======== Data to examine ========
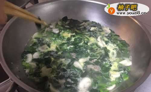 5把鸡蛋打散,待食物8成熟把蛋花倒进锅里,搅匀,一分钟后就可以起锅了
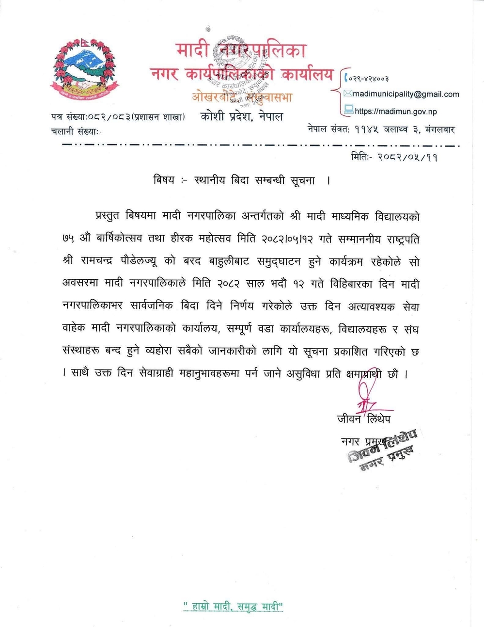 राष्ट्रपति पौडेलले मादी माध्यमिक विद्यालयको ७५औं वार्षिकोत्सव तथा हिरक महोत्सवको उद्घाटन गर्ने कार्यक्रम रहेको छ ।
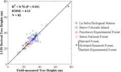 Figure 4. Comparison of LVIS tree heights with field measurements. A total of 82 plots from seven different sites are considered in this analysis. Regression analysis indicates a statistically significant relationship between LVIS tree heights and field measurements (p < 0.01).# In Sierra National Forest, there is one extremely influential observation due to old growth forests (ages > 150; [70]).
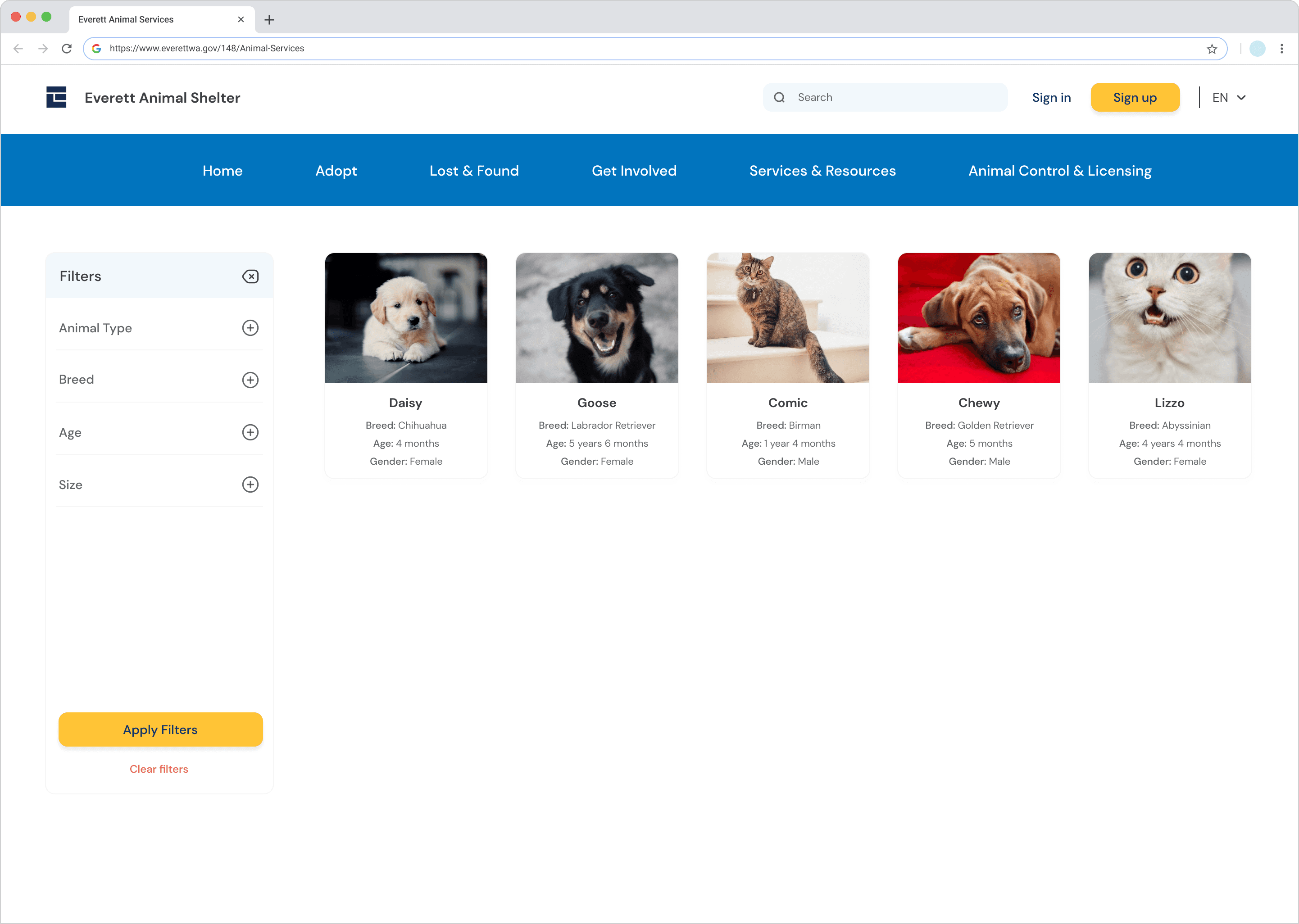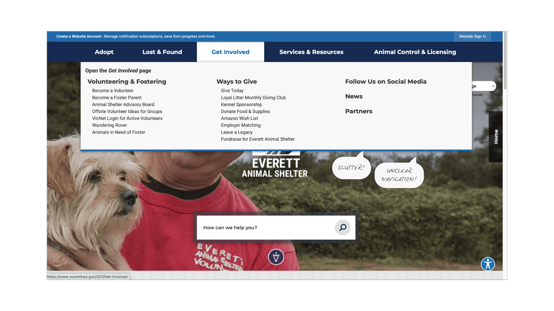 The Everett Animal Shelter website plays a critical role in connecting animals with adopters, volunteers, and foster caregivers in the community. But despite its meaningful mission, the experience often made simple tasks feel difficult.
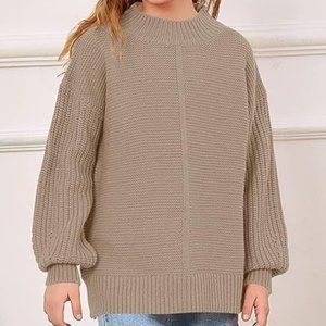 Feature: Basic fall winter sweaters, mock neck,drop shoulder, long sleeve, ribbed knit, side slit, so flattering for your wearing. Chunky knit tops for kids aged 5-14
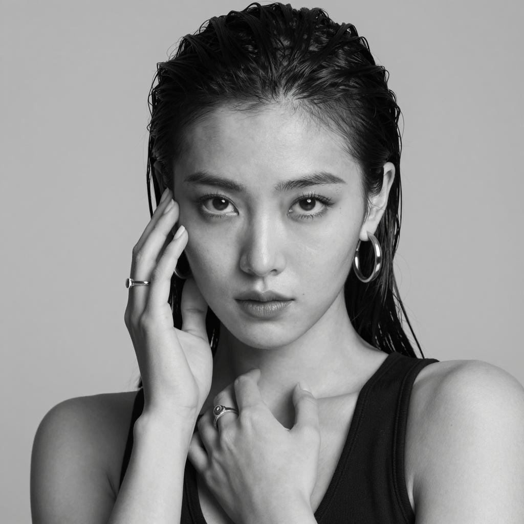Black and white photo of a young woman with dark, wavy hair in a messy bun. She has fair skin, large expressive eyes, and full lips. She is bare-shouldered, with one hand gently touching her collarbone and the other hand resting on her neck. Her eyebrows are thick and well-defined. Her gaze is direct and slightly intense. She wears small stud earrings and a simple ring on her right hand. The background is plain and gray.
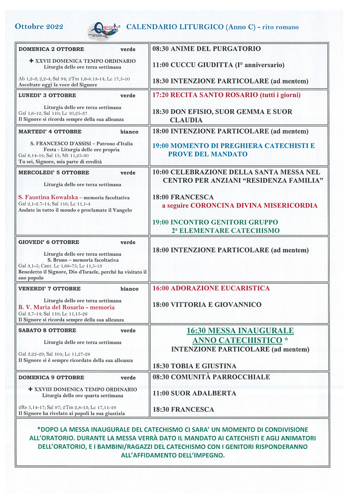 Pubblicato giorno 2 ottobre 2022 - Calendario liturgico, In home page
========
Skip the pictures, please, and transcribe only the lines from the beginning of the material through the one that contains "The Everett Animal".

## Final answer
 5把鸡蛋打散,待食物8成熟把蛋花倒进锅里,搅匀,一分钟后就可以起锅了
 राष्ट्रपति पौडेलले मादी माध्यमिक विद्यालयको ७५औं वार्षिकोत्सव तथा हिरक महोत्सवको उद्घाटन गर्ने कार्यक्रम रहेको छ ।
 Figure 4. Comparison of LVIS tree heights with field measurements. A total of 82 plots from seven different sites are considered in this analysis. Regression analysis indicates a statistically significant relationship between LVIS tree heights and field measurements (p < 0.01).# In Sierra National Forest, there is one extremely influential observation due to old growth forests (ages > 150; [70]).
 The Everett Animal Shelter website plays a critical role in connecting animals with adopters, volunteers, and foster caregivers in the community. But despite its meaningful mission, the experience often made simple tasks feel difficult.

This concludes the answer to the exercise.